→ **What is being asked**: Output the data below exactly, without images.

→ **Provided material**:
↓↓↓

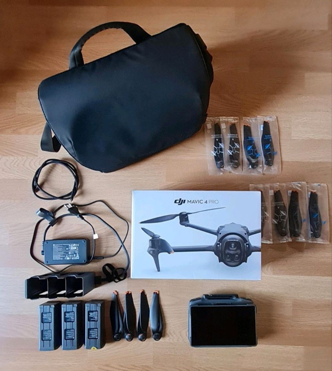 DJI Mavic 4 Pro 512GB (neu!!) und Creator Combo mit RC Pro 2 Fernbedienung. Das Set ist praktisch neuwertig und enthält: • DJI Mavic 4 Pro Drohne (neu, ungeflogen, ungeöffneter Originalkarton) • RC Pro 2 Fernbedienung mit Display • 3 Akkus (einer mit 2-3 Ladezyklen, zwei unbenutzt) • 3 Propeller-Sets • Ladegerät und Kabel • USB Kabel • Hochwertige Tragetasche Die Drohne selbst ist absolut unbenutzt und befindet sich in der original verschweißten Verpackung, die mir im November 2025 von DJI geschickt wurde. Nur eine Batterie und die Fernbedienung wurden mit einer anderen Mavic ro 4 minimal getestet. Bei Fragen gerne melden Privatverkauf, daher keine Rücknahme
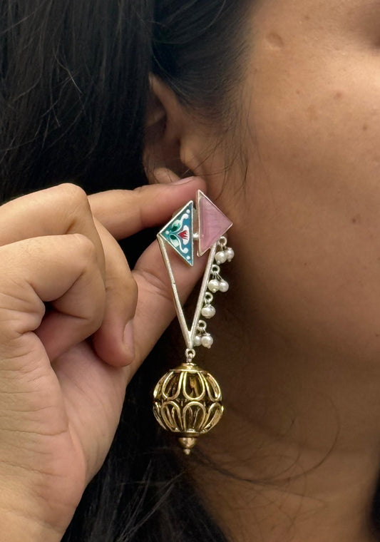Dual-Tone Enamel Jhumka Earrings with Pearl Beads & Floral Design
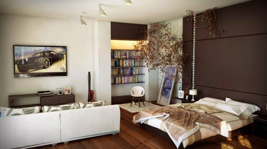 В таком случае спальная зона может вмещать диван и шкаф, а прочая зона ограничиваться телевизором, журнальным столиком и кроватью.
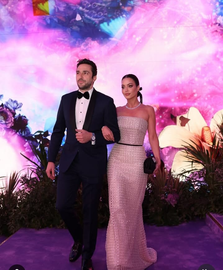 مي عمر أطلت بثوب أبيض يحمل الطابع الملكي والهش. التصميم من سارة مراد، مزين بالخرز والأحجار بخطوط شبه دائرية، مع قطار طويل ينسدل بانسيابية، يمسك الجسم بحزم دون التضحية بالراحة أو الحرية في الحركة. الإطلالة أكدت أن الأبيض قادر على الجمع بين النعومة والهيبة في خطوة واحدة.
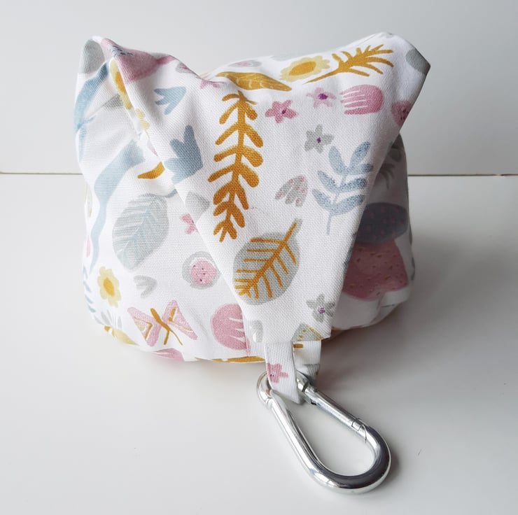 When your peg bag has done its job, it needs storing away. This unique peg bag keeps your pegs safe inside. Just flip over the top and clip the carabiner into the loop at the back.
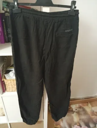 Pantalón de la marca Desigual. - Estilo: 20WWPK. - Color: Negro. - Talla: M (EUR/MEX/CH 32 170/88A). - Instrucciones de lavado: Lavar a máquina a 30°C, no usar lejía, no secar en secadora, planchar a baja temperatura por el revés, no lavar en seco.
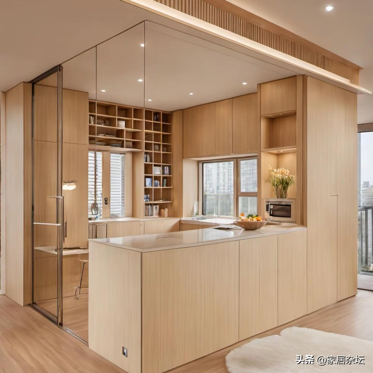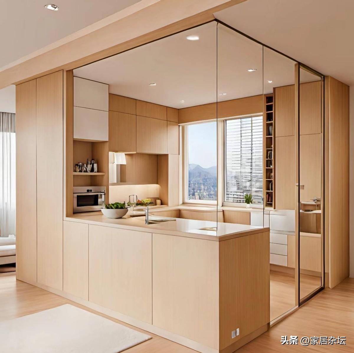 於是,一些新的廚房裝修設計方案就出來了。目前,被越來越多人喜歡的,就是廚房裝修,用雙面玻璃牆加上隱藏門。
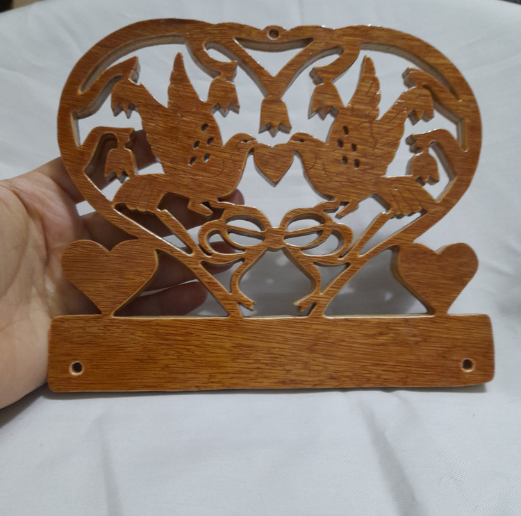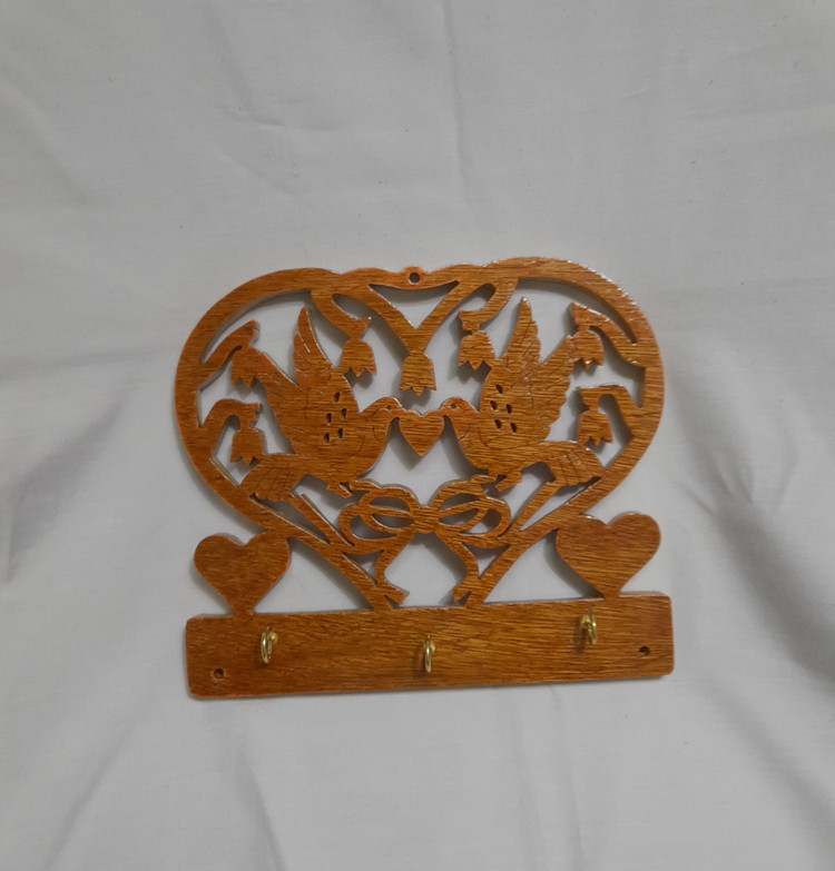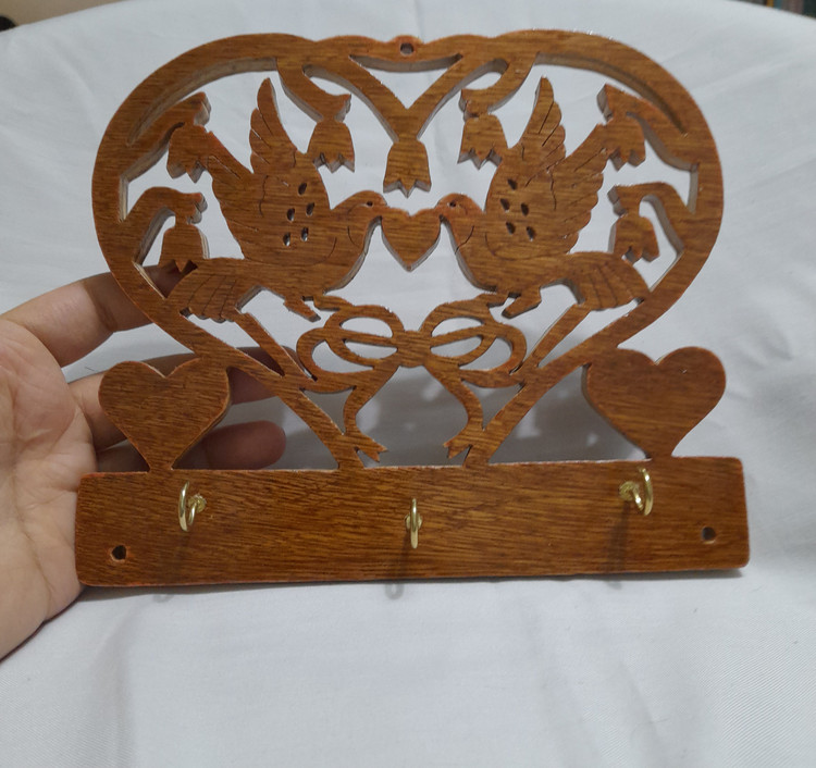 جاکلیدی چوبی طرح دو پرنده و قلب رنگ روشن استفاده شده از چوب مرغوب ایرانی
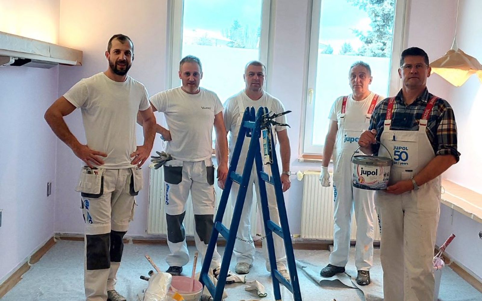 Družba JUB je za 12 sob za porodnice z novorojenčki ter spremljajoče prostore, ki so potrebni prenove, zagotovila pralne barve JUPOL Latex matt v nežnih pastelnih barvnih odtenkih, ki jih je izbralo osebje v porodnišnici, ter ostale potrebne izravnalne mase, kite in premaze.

↑↑↑

→ **Task result**:
 DJI Mavic 4 Pro 512GB (neu!!) und Creator Combo mit RC Pro 2 Fernbedienung. Das Set ist praktisch neuwertig und enthält: • DJI Mavic 4 Pro Drohne (neu, ungeflogen, ungeöffneter Originalkarton) • RC Pro 2 Fernbedienung mit Display • 3 Akkus (einer mit 2-3 Ladezyklen, zwei unbenutzt) • 3 Propeller-Sets • Ladegerät und Kabel • USB Kabel • Hochwertige Tragetasche Die Drohne selbst ist absolut unbenutzt und befindet sich in der original verschweißten Verpackung, die mir im November 2025 von DJI geschickt wurde. Nur eine Batterie und die Fernbedienung wurden mit einer anderen Mavic ro 4 minimal getestet. Bei Fragen gerne melden Privatverkauf, daher keine Rücknahme
Dual-Tone Enamel Jhumka Earrings with Pearl Beads & Floral Design
 В таком случае спальная зона может вмещать диван и шкаф, а прочая зона ограничиваться телевизором, журнальным столиком и кроватью.
 مي عمر أطلت بثوب أبيض يحمل الطابع الملكي والهش. التصميم من سارة مراد، مزين بالخرز والأحجار بخطوط شبه دائرية، مع قطار طويل ينسدل بانسيابية، يمسك الجسم بحزم دون التضحية بالراحة أو الحرية في الحركة. الإطلالة أكدت أن الأبيض قادر على الجمع بين النعومة والهيبة في خطوة واحدة.
 When your peg bag has done its job, it needs storing away. This unique peg bag keeps your pegs safe inside. Just flip over the top and clip the carabiner into the loop at the back.
 Pantalón de la marca Desigual. - Estilo: 20WWPK. - Color: Negro. - Talla: M (EUR/MEX/CH 32 170/88A). - Instrucciones de lavado: Lavar a máquina a 30°C, no usar lejía, no secar en secadora, planchar a baja temperatura por el revés, no lavar en seco.
 於是,一些新的廚房裝修設計方案就出來了。目前,被越來越多人喜歡的,就是廚房裝修,用雙面玻璃牆加上隱藏門。
 جاکلیدی چوبی طرح دو پرنده و قلب رنگ روشن استفاده شده از چوب مرغوب ایرانی
 Družba JUB je za 12 sob za porodnice z novorojenčki ter spremljajoče prostore, ki so potrebni prenove, zagotovila pralne barve JUPOL Latex matt v nežnih pastelnih barvnih odtenkih, ki jih je izbralo osebje v porodnišnici, ter ostale potrebne izravnalne mase, kite in premaze.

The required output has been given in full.